Your task is to copy the records that follow exactly, minus any images.
· · · · · · ·
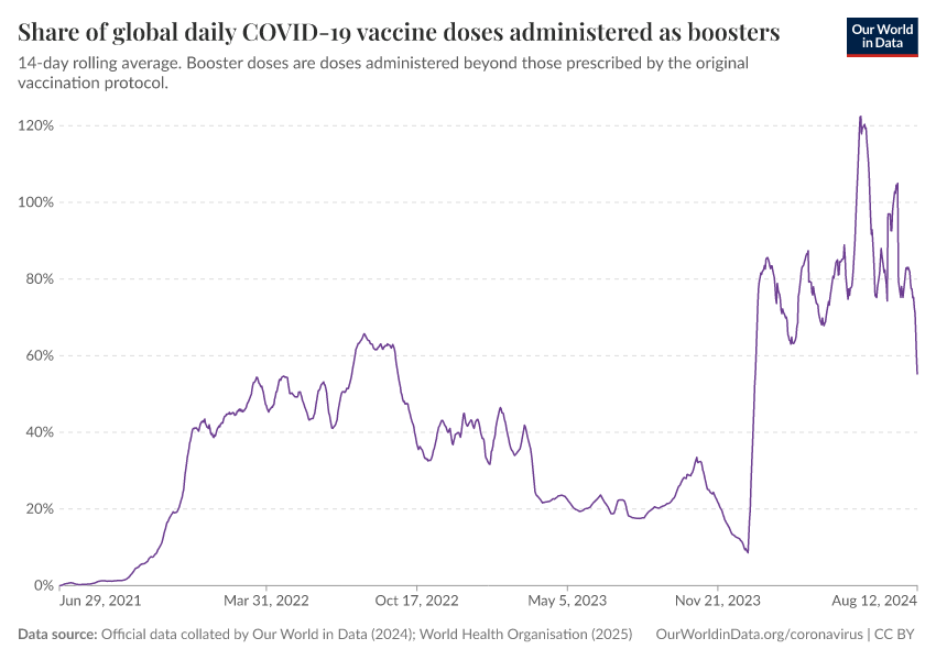 Official data collated by Our World in Data (2024); World Health Organisation (2025) – with major processing by Our World in Data. “Share of global daily COVID-19 vaccine doses administered as boosters” [dataset]. Official data collated by Our World in Data, “COVID-19, vaccinations”; World Health Organisation, “COVID-19, vaccinations (WHO)” [original data]. Retrieved March 2, 2026 from https://data-archive-fasttrack-step.owid.pages.dev:8789/20250909-093708/grapher/covid-vaccine-share-boosters.html (archived on September 9, 2025).
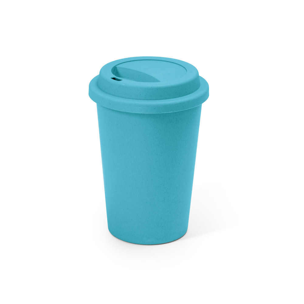 Copo de viagem em fibra de bambu (60%) e PP (40%) com tampa e capacidade até 450 mL. Certificação EU Food Grade
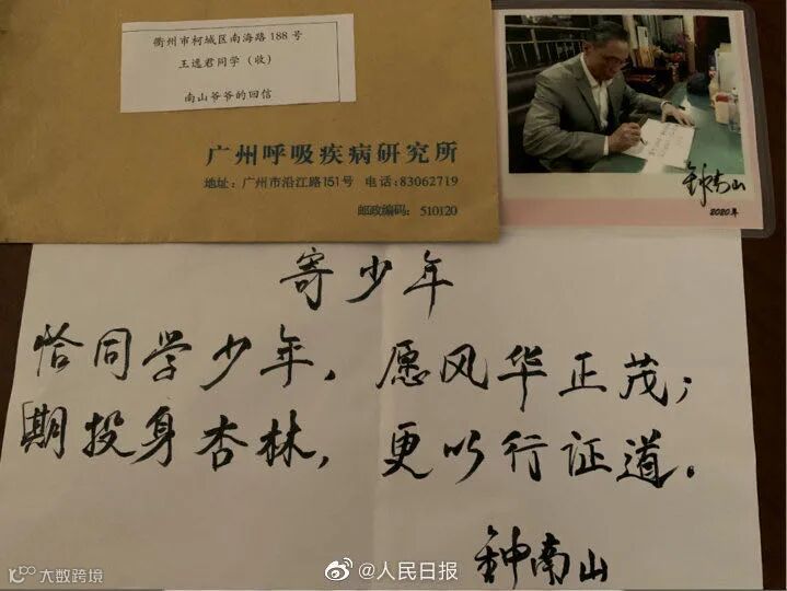 7个月前,还在上六年级的王逸君,给钟南山院士写亲笔信,表示自己“立志要当医生”;谁知8月28日,她竟收到钟南山的亲笔回信。
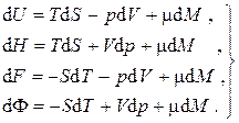 До сих пор нами рассматривались закрытые системы, в которых масса оставалась постоянной. Однако очень часто приходится иметь дело с системами, в которых число частиц и масса переменны (открытыми системами). Причинами изменения массы являются массообмен через оболочку системы, фазовые превращения, излучение, химические реакции, ядерные реакции. Пусть однокомпонентная однофазная термодинамическая система является открытой, однородной и равновесной. Изменение внутренней энергии такой системы будет происходить не только вследствие подвода теплоты и совершения над ней работы, но также и вследствие изменения ее массы в силу того, что вещество, проникающее через оболочку, обладает энергией, а фундаментальные уравнения Гиббса для термодинамических потенциалов следует дополнить еще одним слагаемым, пропорциональным изменению массы системы:
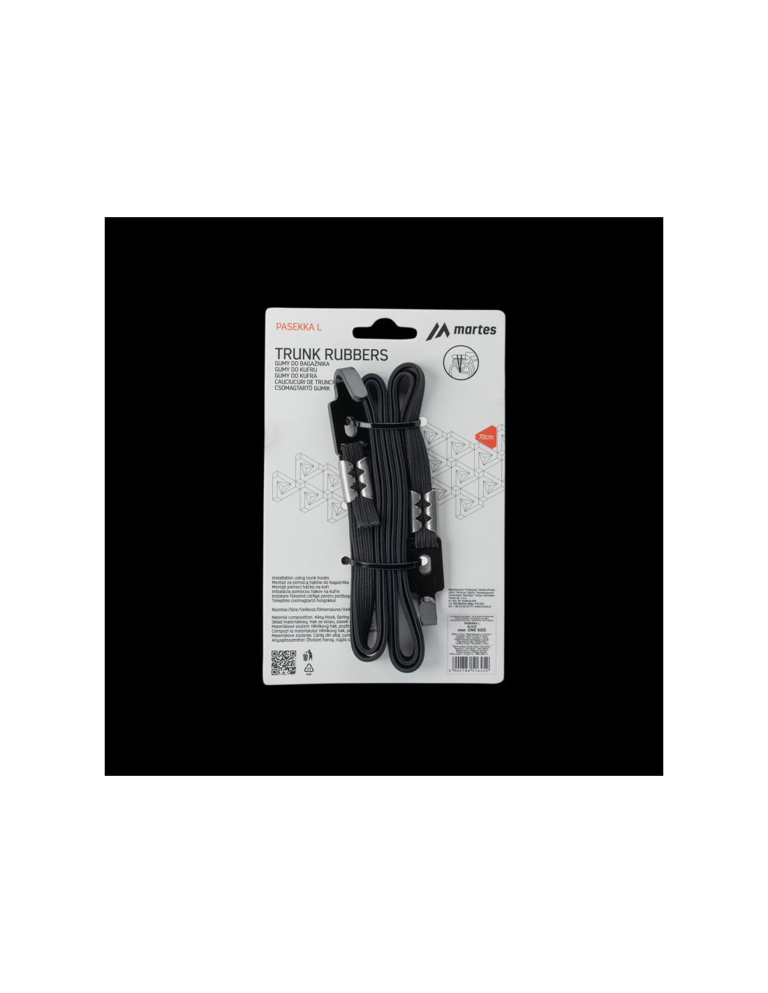 GUMY DO BAGAŻNIKA ROZMIAR: 70 cm WAGA: 56 g SKŁAD MATERIAŁOWY: PASEK: POLIESTER SPRZĄCZKA: STOP METALI
· · · · · · ·
TASK RESPONSE>
 Official data collated by Our World in Data (2024); World Health Organisation (2025) – with major processing by Our World in Data. “Share of global daily COVID-19 vaccine doses administered as boosters” [dataset]. Official data collated by Our World in Data, “COVID-19, vaccinations”; World Health Organisation, “COVID-19, vaccinations (WHO)” [original data]. Retrieved March 2, 2026 from https://data-archive-fasttrack-step.owid.pages.dev:8789/20250909-093708/grapher/covid-vaccine-share-boosters.html (archived on September 9, 2025).
 Copo de viagem em fibra de bambu (60%) e PP (40%) com tampa e capacidade até 450 mL. Certificação EU Food Grade
 7个月前,还在上六年级的王逸君,给钟南山院士写亲笔信,表示自己“立志要当医生”;谁知8月28日,她竟收到钟南山的亲笔回信。
 До сих пор нами рассматривались закрытые системы, в которых масса оставалась постоянной. Однако очень часто приходится иметь дело с системами, в которых число частиц и масса переменны (открытыми системами). Причинами изменения массы являются массообмен через оболочку системы, фазовые превращения, излучение, химические реакции, ядерные реакции. Пусть однокомпонентная однофазная термодинамическая система является открытой, однородной и равновесной. Изменение внутренней энергии такой системы будет происходить не только вследствие подвода теплоты и совершения над ней работы, но также и вследствие изменения ее массы в силу того, что вещество, проникающее через оболочку, обладает энергией, а фундаментальные уравнения Гиббса для термодинамических потенциалов следует дополнить еще одним слагаемым, пропорциональным изменению массы системы:
 GUMY DO BAGAŻNIKA ROZMIAR: 70 cm WAGA: 56 g SKŁAD MATERIAŁOWY: PASEK: POLIESTER SPRZĄCZKA: STOP METALI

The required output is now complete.